To grasp the logic of this strategy, start with the fact that Obama's likely national-security picks don't actually disagree very much with the foreign policy he laid out during the campaign. Jones is on record calling the Iraq war a "debacle" and urging that the detention center at Guantánamo Bay be closed "tomorrow." Gates has also reportedly pushed for closing Gitmo and for faster withdrawals from Iraq. He has called a military strike against Iran a "strategic calamity," urged diplomacy with Tehran's mullahs and denounced the "creeping militarization" of U.S. foreign policy. (You don't hear that from a Defense Secretary every day.) For her part, Hillary Clinton during the presidential campaign embraced an Iraq-withdrawal position virtually identical to Obama's. And although they fought a sound-bite war over sitting down with the leaders of countries like Iran, the two candidates' actual Iran policies were pretty much the same. Both wanted intensive diplomacy; both wanted to start it at lower levels and work up from there.

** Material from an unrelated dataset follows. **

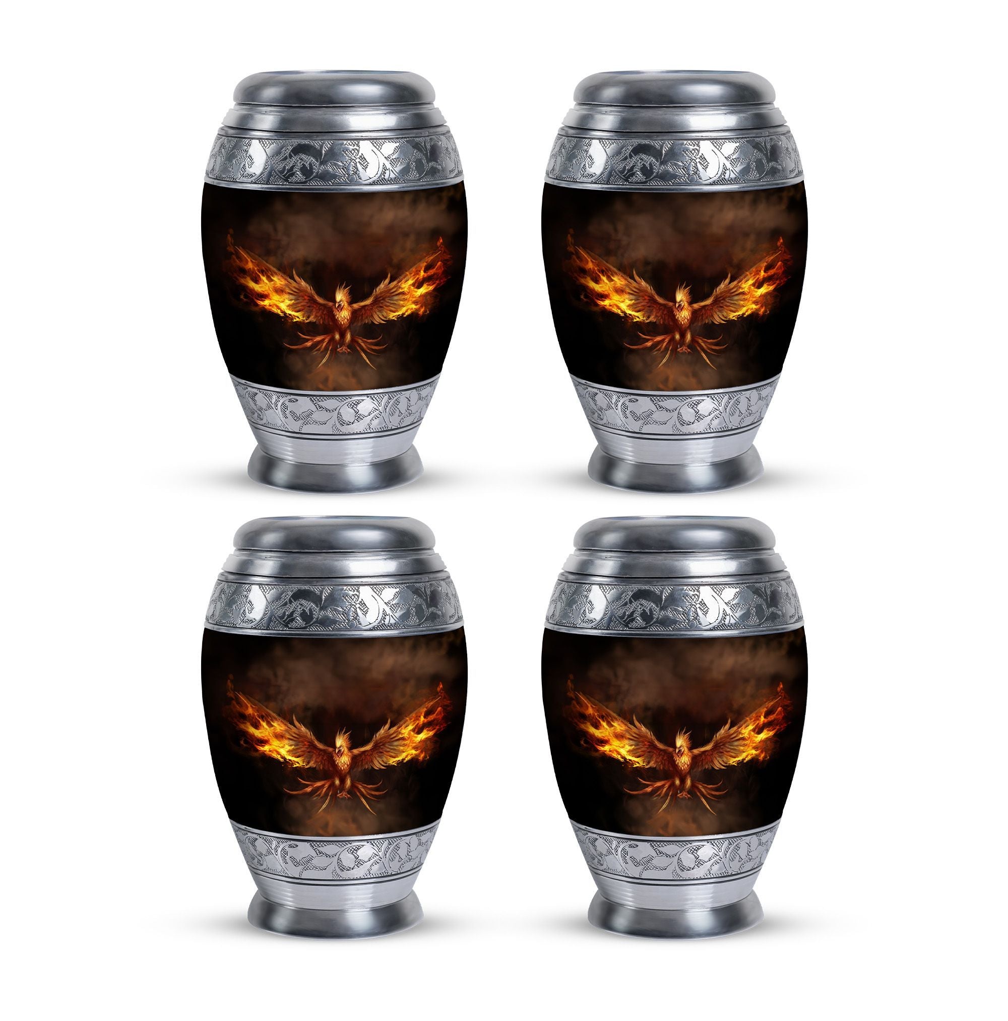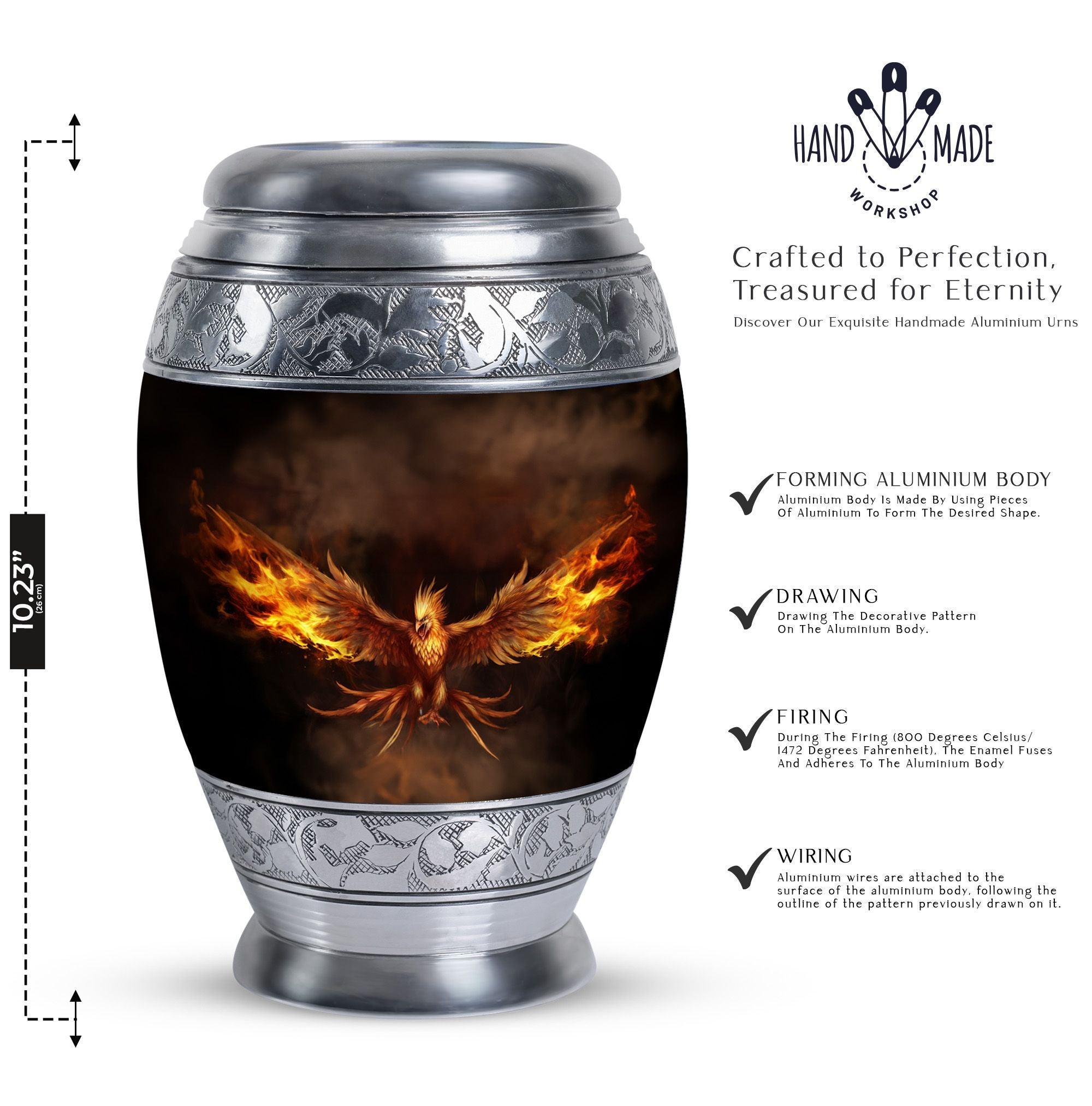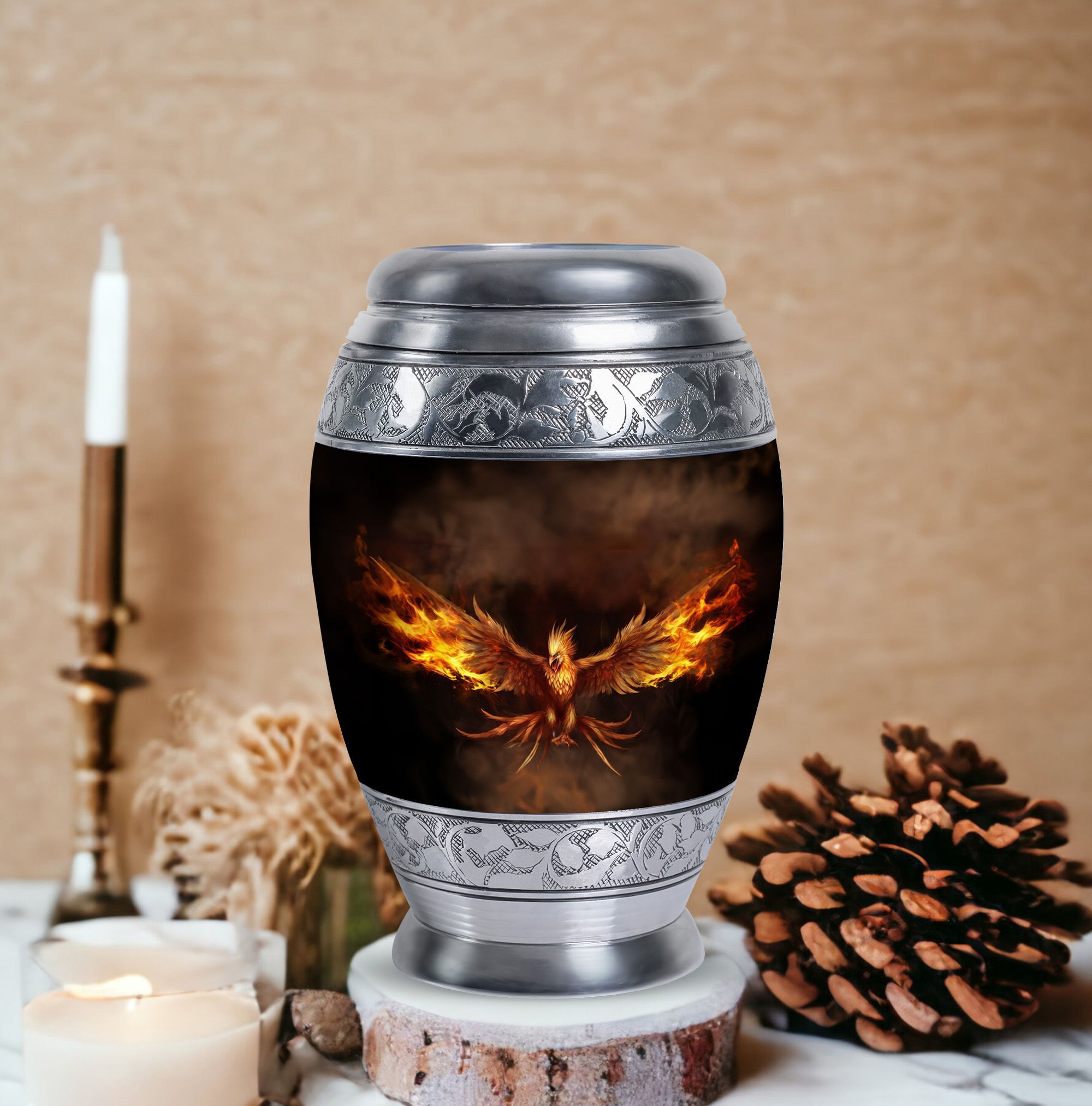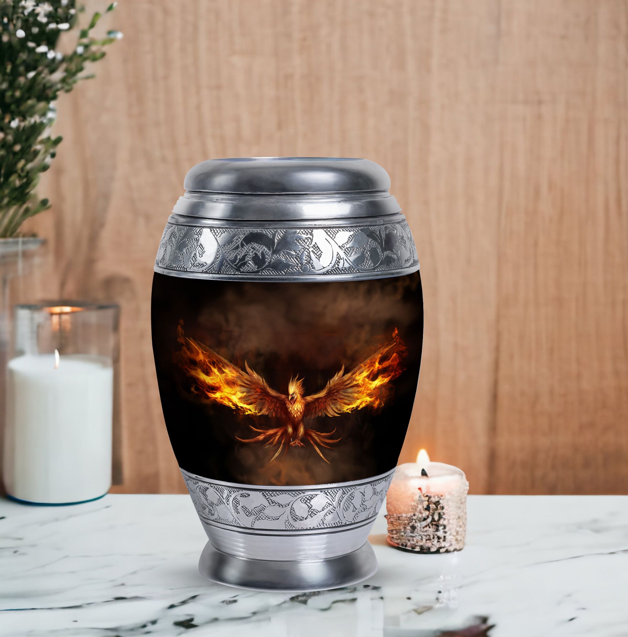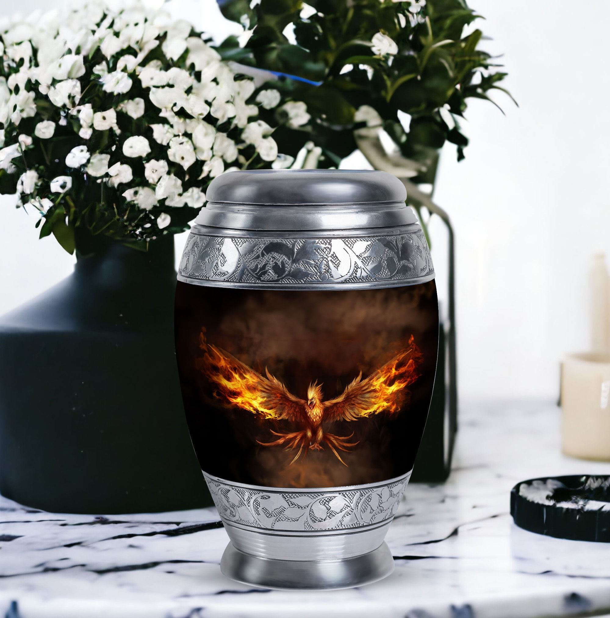 Embrace the memory of your loved ones with the beautifully crafted Angry Phoenix Urn. A prominent choice in memorial urns, this high-quality Aluminium container stands at a considerable 10 inches in height and weighs a substantial 3.3 pounds, ensuring a firm, unshakeable presence in any setting. It can comfortably accommodate up to 200 cubic inches of ashes. The sleek, sober design of the Classic Urn and its 3-inch size add to its visual appeal, making it an apt commemoration of the departed. This large urn allows you to personalize rememberance through engraved names. It also comes with a velvet pouch, providing a dignified containment for the ashes. A unique alternative in Urns for Human Ashes, the Angry Phoenix Urn truly respects and honors the memory of your departed. This urn is also an ideal choice as Urns for Ashes for Dad, or Urns for Men's Ashes. So treasure your lost ones in our beautifully designed urn, honoring their memory in a classic, dignified manner.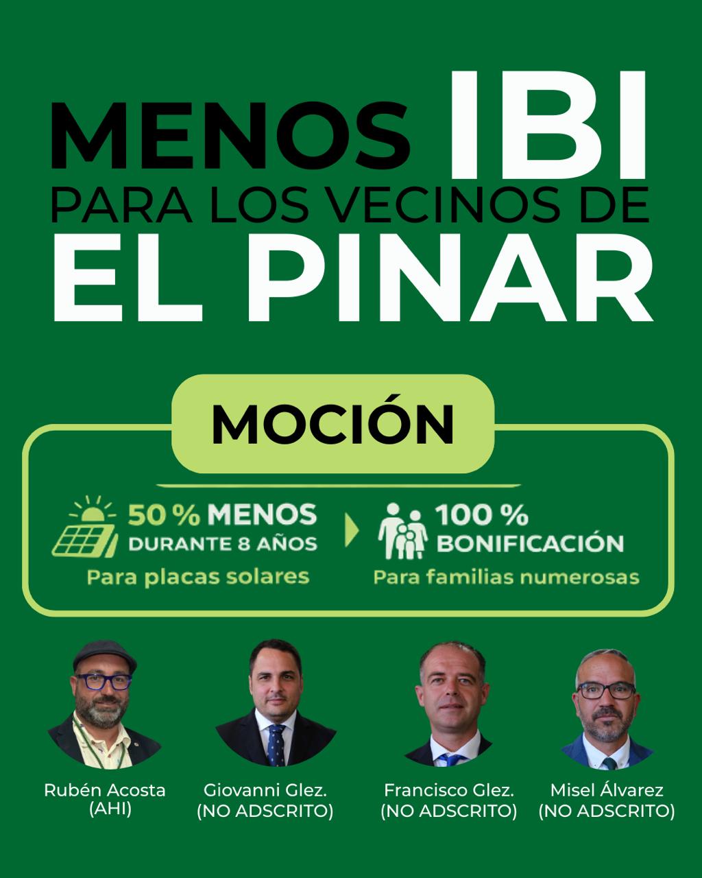 Los concejales Rubén Acosta (AHI), Giovanni González, Misel Álvarez y Francisco González, del grupo de no adscritos, han presentado una moción en el Ayuntamiento de El Pinar para modificar la ordenanza fiscal del IBI e introducir nuevas bonificaciones de carácter social y energético. La iniciativa no plantea ninguna medida extraordinaria ni novedosa, sino la incorporación en El Pinar de bonificaciones que ya están vigentes en los otros municipios de la isla, como Valverde y La Frontera, y en un alto porcentaje de ayuntamientos de Canarias, informa la AHI en una nota. Dos medidas concretas La propuesta incluye: ● Una bonificación del 50 % en el IBI durante ocho años para viviendas que instalen placas fotovoltaicas de autoconsumo. ● Una bonificación del 100 % del IBI para familias numerosas, mientras mantengan dicha condición y siempre que se trate de su vivienda habitual. Ejemplo orientativo ![]() El importe del IBI varía según el valor catastral de cada inmueble, pero para explicar el impacto de la medida, los concejales ponen un ejemplo práctico: Así, ponen como ejemplo, que, si una vivienda paga 350 euros anuales de IBI, con la bonificación por autoconsumo pasaría a pagar 175 euros. Eso supondría un ahorro de 175 euros al año durante ocho ejercicios. En el caso de las familias numerosas, una vivienda con ese mismo importe dejaría de pagar el impuesto mientras mantenga dicha condición. Igualdad entre vecinos de la isla Los concejales señalan que el objetivo es claro: “que los vecinos de El Pinar tengan las mismas oportunidades fiscales que el resto de vecinos de El Hierro”.- “Estas bonificaciones ya existen en Valverde y La Frontera. No hablamos de privilegios, sino de igualdad y de actualizar nuestra ordenanza a medidas que ya funcionan en otros municipios", concluyen. |

On key policy issues, Jones, Gates and Clinton aren't significantly more hawkish than Obama. What they are is more hawkish symbolically. Gates is a Republican; Jones is a Marine general who once worked for John McCain; Clinton, as Senator from New York, has gained credibility with hawkish pro-Israel groups. In other words, what distinguishes Gates, Jones and Clinton isn't their desire to shift Obama's policies to the right; it's their ability to persuade the right to give Obama's policies a chance.

Obama knows that although Iraq has tarnished the GOP foreign policy brand, Democrats remain vulnerable. When the moderate Democratic group Third Way asked voters in September whom they trusted more on national security, Democrats trailed by 14 points. (The gap has widened substantially since late 2006.) On the question of "ensuring a strong military," they trailed by 30 points--an astonishing figure, given that it is a Republican President who has stretched the Army to its breaking point.